# PROBLEM STATEMENT
The data below is to be written out exactly, with no pictures.

# GIVEN INFORMATION

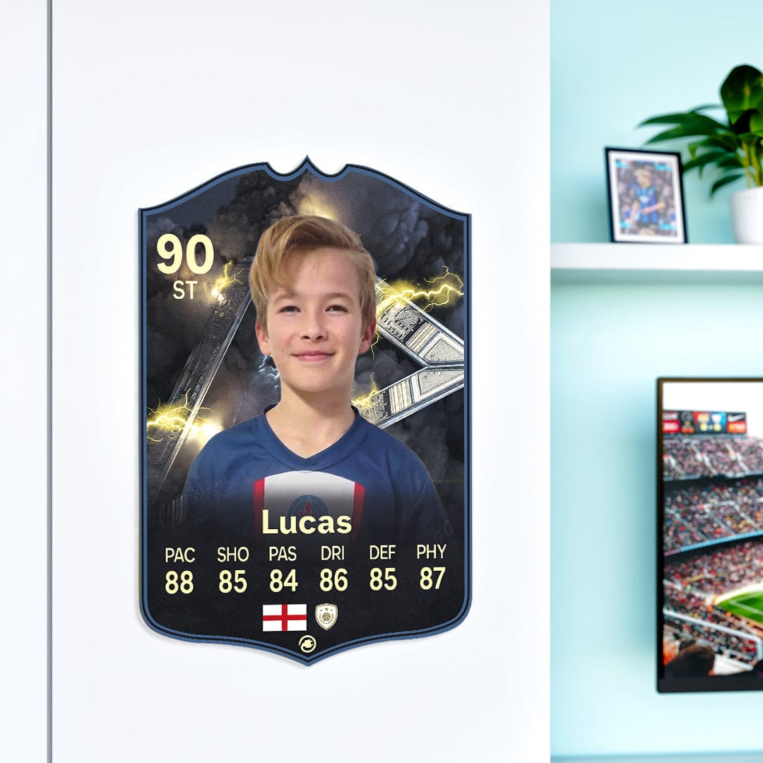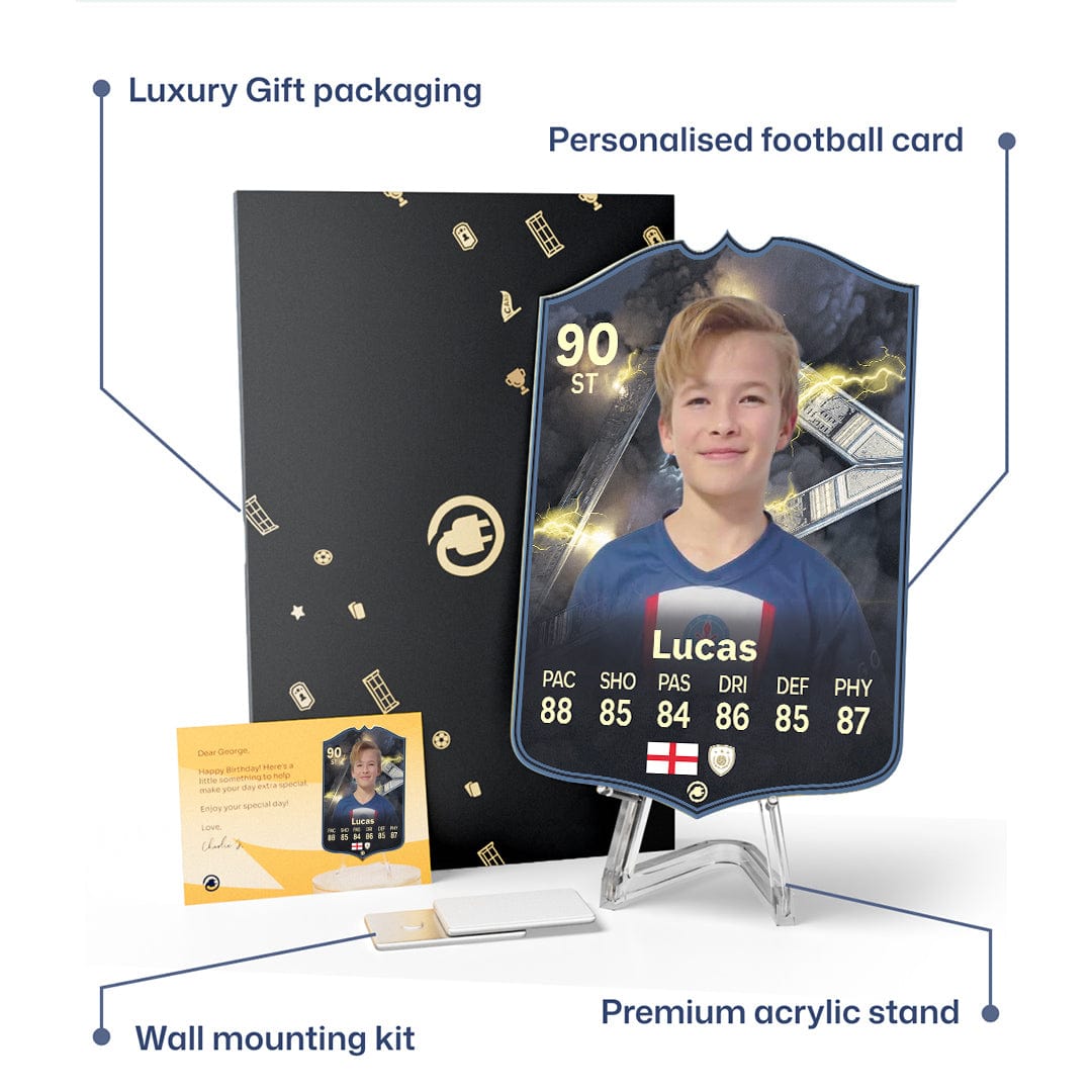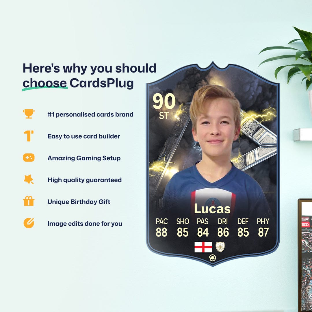 CardsPlug is home to the world’s favourite personalised football cards. Our easy football card builder lets you make a real life football card with your own name, photo, and skill ratings. With 100+ designs to choose from and some inspired by EA SPORTS FC 26 cards seen in EA FC 26, EA FC 25 and FC 24 as well as FIFA cards seen in games like FIFA 23 and FIFA 22.
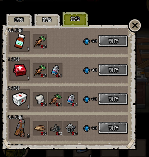 《幸存者:危城》食物和药品系统中药品材料分为三大件:草药、酒精和纱布。在建筑物中或者NPC那里看到这几样药品材料,不要犹豫,果断入手,过了这村就没这店了。拿到药品材料之后就可以去工作台制作各类药品了。一级工作台可以制作止血药,二级工作台可以制作医疗包,三级工作台可以制作急救箱。这三种药品都是行走江湖不可或缺的必备良药。
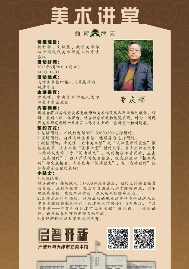 讲座题目:物料学、文献展、数字美术馆与中国现代美术研究工作方法刍议活动时间:2025年6月28日(周六)14:00-16:00活动地点:天津美术馆四楼7、8号展厅内观景平台主讲嘉宾:曹庆晖,中央美

# ANSWER TO THIS TASK
 CardsPlug is home to the world’s favourite personalised football cards. Our easy football card builder lets you make a real life football card with your own name, photo, and skill ratings. With 100+ designs to choose from and some inspired by EA SPORTS FC 26 cards seen in EA FC 26, EA FC 25 and FC 24 as well as FIFA cards seen in games like FIFA 23 and FIFA 22.
 《幸存者:危城》食物和药品系统中药品材料分为三大件:草药、酒精和纱布。在建筑物中或者NPC那里看到这几样药品材料,不要犹豫,果断入手,过了这村就没这店了。拿到药品材料之后就可以去工作台制作各类药品了。一级工作台可以制作止血药,二级工作台可以制作医疗包,三级工作台可以制作急救箱。这三种药品都是行走江湖不可或缺的必备良药。
 讲座题目:物料学、文献展、数字美术馆与中国现代美术研究工作方法刍议活动时间:2025年6月28日(周六)14:00-16:00活动地点:天津美术馆四楼7、8号展厅内观景平台主讲嘉宾:曹庆晖,中央美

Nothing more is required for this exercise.